══ SUPPLIED RECORDS

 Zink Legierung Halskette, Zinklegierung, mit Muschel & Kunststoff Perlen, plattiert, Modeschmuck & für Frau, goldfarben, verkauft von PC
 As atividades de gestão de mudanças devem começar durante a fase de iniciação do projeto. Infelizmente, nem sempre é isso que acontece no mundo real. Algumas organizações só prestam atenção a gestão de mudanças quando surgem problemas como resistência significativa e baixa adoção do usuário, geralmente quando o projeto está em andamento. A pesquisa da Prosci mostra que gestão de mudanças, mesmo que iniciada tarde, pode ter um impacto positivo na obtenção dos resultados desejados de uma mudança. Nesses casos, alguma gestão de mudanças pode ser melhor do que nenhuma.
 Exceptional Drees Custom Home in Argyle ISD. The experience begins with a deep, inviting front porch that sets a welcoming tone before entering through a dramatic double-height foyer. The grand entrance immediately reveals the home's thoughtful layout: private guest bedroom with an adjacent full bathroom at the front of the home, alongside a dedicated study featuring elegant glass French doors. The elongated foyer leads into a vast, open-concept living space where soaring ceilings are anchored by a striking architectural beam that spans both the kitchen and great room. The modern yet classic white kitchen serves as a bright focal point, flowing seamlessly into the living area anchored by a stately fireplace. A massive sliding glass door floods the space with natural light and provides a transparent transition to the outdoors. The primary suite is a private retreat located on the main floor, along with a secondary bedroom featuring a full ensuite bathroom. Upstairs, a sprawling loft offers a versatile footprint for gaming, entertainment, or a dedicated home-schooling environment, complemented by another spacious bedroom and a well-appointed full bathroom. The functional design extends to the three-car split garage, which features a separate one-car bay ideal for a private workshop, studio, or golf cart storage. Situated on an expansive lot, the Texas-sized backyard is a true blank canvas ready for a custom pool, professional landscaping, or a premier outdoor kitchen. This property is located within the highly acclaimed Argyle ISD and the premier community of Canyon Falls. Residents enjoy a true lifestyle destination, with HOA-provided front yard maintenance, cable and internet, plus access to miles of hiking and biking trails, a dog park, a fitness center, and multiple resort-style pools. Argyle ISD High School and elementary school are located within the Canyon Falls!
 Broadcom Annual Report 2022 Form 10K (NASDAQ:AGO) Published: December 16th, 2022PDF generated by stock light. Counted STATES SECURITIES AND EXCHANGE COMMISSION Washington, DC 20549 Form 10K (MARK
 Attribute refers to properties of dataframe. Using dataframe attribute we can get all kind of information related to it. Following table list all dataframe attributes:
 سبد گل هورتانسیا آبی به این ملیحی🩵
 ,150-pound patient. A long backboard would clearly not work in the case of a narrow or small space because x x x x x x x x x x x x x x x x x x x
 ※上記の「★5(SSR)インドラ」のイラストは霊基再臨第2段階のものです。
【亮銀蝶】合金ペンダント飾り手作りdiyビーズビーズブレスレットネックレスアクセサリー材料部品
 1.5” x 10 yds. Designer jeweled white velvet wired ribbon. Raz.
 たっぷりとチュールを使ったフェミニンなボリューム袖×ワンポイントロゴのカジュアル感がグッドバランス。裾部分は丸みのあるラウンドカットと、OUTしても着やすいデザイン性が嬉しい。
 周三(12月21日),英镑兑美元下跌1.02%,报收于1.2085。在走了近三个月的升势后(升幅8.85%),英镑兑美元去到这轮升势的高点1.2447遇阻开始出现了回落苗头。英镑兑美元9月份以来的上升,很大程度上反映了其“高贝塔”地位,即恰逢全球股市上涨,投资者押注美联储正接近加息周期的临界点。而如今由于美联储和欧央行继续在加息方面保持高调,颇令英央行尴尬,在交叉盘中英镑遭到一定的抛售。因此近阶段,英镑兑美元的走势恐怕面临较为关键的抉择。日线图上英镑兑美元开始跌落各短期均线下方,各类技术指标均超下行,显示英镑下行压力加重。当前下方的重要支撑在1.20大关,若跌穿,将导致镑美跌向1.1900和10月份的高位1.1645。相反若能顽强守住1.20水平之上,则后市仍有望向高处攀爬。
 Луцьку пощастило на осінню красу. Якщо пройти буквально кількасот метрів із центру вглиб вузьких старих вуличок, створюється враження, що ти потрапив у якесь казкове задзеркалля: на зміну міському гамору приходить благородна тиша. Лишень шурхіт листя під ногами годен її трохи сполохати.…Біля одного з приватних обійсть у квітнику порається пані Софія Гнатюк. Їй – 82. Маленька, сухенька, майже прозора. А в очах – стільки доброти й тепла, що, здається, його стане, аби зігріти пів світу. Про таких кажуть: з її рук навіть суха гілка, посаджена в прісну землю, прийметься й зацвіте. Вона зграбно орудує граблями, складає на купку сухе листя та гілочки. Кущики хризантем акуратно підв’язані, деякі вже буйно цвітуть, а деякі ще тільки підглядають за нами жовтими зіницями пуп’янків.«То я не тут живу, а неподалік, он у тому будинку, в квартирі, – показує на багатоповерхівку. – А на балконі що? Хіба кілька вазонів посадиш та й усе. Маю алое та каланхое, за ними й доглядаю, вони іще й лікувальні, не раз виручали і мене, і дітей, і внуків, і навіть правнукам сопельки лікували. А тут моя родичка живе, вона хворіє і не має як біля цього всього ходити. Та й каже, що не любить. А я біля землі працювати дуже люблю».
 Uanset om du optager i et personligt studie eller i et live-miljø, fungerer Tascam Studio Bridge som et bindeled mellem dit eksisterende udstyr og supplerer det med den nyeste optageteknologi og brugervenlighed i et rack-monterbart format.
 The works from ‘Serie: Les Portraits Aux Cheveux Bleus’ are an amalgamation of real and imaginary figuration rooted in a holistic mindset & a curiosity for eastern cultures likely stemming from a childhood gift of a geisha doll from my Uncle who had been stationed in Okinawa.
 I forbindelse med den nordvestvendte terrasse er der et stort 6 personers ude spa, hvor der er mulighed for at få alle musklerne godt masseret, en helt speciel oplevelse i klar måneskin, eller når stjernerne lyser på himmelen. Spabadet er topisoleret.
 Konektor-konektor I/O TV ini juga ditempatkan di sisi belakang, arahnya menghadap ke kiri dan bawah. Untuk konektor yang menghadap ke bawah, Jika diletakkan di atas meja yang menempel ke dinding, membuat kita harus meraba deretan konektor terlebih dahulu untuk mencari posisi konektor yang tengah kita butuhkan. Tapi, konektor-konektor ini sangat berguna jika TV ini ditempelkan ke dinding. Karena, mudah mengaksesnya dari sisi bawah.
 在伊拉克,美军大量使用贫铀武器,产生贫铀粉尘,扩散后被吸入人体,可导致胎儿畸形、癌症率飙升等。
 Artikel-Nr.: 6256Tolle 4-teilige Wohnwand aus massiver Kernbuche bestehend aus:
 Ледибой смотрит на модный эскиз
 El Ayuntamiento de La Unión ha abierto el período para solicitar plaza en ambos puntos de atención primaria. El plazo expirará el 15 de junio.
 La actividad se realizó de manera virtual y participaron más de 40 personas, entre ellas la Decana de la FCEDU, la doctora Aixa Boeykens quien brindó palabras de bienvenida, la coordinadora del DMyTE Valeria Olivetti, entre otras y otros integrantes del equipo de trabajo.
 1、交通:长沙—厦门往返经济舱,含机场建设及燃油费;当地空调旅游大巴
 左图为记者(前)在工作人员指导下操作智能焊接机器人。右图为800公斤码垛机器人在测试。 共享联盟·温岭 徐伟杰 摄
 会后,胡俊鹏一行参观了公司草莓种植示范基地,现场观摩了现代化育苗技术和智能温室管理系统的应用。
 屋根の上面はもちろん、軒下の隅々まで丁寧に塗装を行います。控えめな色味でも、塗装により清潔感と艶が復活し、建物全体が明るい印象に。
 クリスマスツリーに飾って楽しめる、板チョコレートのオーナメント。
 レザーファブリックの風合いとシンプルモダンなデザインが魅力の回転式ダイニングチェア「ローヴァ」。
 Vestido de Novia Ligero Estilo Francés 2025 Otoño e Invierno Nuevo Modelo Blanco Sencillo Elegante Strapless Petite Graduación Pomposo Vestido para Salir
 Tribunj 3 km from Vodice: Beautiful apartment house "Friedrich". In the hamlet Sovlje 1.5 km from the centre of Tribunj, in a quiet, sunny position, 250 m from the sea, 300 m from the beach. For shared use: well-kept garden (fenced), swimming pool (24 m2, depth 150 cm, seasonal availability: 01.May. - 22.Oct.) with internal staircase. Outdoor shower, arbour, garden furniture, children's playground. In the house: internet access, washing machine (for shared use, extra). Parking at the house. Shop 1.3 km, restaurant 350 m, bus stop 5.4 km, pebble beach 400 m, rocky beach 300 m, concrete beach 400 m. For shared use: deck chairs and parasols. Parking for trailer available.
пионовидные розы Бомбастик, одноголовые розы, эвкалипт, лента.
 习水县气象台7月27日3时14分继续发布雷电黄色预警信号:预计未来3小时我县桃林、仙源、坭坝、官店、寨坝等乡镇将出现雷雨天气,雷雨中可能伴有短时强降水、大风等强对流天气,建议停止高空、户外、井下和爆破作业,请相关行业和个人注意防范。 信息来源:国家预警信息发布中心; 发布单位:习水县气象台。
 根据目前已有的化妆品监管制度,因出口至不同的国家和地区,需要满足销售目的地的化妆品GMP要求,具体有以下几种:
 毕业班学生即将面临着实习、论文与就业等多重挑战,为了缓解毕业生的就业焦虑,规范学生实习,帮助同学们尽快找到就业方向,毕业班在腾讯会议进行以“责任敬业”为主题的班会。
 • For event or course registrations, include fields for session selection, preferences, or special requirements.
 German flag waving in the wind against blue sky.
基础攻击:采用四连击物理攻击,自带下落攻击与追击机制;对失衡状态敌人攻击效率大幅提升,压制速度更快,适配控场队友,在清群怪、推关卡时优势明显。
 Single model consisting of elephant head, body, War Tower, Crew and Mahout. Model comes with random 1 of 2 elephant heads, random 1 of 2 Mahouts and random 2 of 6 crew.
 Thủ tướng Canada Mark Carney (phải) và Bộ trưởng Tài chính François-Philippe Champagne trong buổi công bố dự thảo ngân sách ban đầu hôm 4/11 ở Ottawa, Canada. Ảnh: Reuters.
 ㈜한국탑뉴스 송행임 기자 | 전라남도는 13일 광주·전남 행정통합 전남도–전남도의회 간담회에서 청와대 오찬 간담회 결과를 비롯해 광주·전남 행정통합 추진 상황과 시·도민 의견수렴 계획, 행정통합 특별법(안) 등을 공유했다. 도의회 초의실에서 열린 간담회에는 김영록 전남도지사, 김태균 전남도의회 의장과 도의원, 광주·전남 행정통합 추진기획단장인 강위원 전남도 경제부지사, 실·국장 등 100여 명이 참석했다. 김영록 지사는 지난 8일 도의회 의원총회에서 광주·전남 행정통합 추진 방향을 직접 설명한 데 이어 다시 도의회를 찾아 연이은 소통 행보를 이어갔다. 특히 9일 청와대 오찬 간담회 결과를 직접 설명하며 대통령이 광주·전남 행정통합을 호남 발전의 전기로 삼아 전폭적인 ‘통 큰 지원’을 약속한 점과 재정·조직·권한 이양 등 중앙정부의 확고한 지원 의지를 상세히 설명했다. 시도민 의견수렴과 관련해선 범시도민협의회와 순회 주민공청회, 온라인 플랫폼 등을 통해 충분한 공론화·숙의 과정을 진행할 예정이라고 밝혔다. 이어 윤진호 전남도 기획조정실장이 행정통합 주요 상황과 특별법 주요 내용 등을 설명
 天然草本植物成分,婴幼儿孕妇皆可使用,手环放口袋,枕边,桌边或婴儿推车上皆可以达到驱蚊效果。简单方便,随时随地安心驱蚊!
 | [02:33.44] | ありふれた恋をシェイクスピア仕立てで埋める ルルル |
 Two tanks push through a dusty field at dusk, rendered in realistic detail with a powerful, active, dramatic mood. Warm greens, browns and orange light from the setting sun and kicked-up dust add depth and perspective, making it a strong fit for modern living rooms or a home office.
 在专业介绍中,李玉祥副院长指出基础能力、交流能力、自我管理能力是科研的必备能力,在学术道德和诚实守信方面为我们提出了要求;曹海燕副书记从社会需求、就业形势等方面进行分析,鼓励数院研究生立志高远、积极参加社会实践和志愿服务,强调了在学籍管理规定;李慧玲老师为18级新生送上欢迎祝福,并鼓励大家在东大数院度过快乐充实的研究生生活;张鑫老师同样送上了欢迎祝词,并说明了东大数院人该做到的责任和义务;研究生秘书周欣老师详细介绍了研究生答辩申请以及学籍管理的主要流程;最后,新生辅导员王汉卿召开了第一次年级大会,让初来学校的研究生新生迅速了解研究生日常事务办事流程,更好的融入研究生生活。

════

» **THE PROBLEM**: Please return only the lines above, starting at the line that has "会后,胡俊鹏一行参观了公司草" and ending at the line that has "レザーファブリックの風合いと", keeping both and leaving each one unchanged.

» **ANSWER TO THIS PROBLEM**:
 会后,胡俊鹏一行参观了公司草莓种植示范基地,现场观摩了现代化育苗技术和智能温室管理系统的应用。
 屋根の上面はもちろん、軒下の隅々まで丁寧に塗装を行います。控えめな色味でも、塗装により清潔感と艶が復活し、建物全体が明るい印象に。
 クリスマスツリーに飾って楽しめる、板チョコレートのオーナメント。
 レザーファブリックの風合いとシンプルモダンなデザインが魅力の回転式ダイニングチェア「ローヴァ」。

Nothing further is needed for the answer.